Book review: Site Reliability Engineering

One of the longest reads I took up over the past months was the Google SRE book, after an interesting comment by Giorgio on one of my previous posts on the advantages of timeouts.

Even though the book is free available online, I decided to buy the kindle edition as I enjoy reading on the device, as it keeps me distraction-free and lets me focus on reading (more on falling in love with the kindle later on, I promise!).

Needless to say, the content of the book is gold, as it explains how Google approaches DevOps in their own fashion, which they call Site Reliability Engineering: no matter where you work (backend, frontend, systems) this book is a good collection of lessons, best practices and patterns by one of the ultimate industry leaders.

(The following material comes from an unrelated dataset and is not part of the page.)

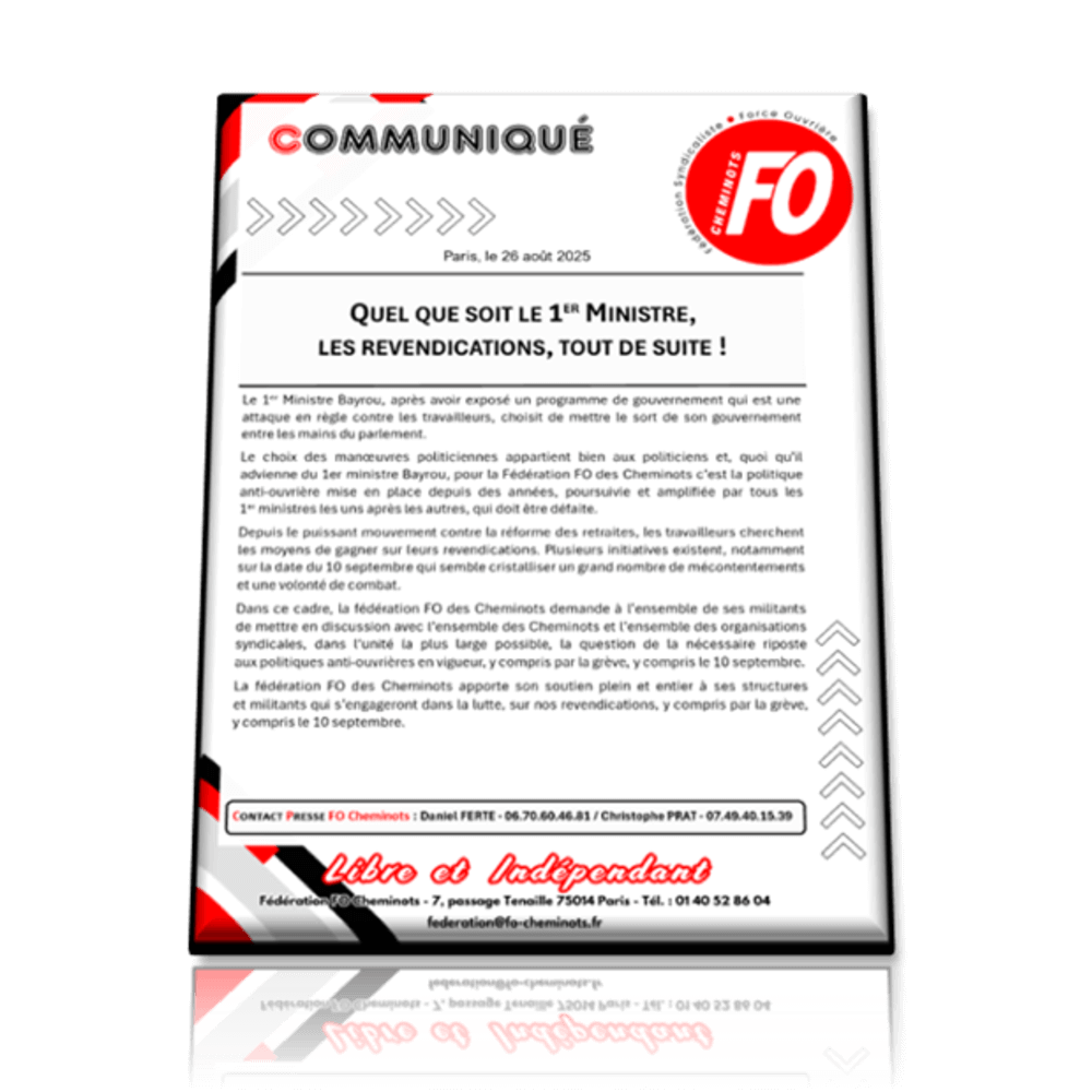 La Fédération syndicaliste FO des Cheminots tient par ce communiqué à apporter

As a friend once told me, “Google had SREs when the world was starting to spell DevOps”, and I couldn’t agree more — you might get lost in between specific chapters that deal with Google-scale problems (which might not be applicable to your specific context), but I’d say that, even considering that, the book is a must read.

There’s also a plethora of other SRE material on the internet (ie. things like this and this, but lmgtfy as well) so you might want to warm up with those and then, if interested, dive in the book, as it’s not super-lightweight.

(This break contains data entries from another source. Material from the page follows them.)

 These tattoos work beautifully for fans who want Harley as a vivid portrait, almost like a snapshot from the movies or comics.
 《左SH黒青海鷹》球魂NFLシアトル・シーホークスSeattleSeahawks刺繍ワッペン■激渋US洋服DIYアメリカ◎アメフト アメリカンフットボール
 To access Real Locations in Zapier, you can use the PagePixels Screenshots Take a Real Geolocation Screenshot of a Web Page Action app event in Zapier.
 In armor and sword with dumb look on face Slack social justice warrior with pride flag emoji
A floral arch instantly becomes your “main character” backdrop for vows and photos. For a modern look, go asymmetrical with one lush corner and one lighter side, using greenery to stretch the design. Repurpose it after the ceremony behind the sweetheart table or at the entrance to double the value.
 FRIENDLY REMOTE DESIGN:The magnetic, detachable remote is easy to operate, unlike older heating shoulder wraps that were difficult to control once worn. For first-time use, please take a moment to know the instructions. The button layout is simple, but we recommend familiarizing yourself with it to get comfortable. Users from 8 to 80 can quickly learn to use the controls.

Some interesting quotes from the book:

Software engineering has this in common with having children: the labor before the birth is painful and difficult, but the labor after the birth is where you actually spend most of your effort.

40–90% of the total costs of a system are incurred after birth

However, we expend effort in this direction only up to a point: when systems are “reliable enough,” we instead invest our efforts in adding features or building new products.

Hope is not a strategy – Traditional SRE saying

our Site Reliability Engineering teams focus on hiring software engineers to run our products and to create systems to accomplish the work that would otherwise be performed, often manually, by sysadmins

Google caps operational work for SREs at 50% of their time

In general, for any software service or system, 100% is not the right reliability target because no user can tell the difference between a system being 100% available and 99.999% available. There are many other systems in the path between user and service (their laptop, their home WiFi, their ISP, the power grid…) and those systems collectively are far less than 99.999% available. Thus, the marginal difference between 99.999% and 100% gets lost in the noise of other unavailability, and the user receives no benefit from the enormous effort required to add that last 0.001% of availability.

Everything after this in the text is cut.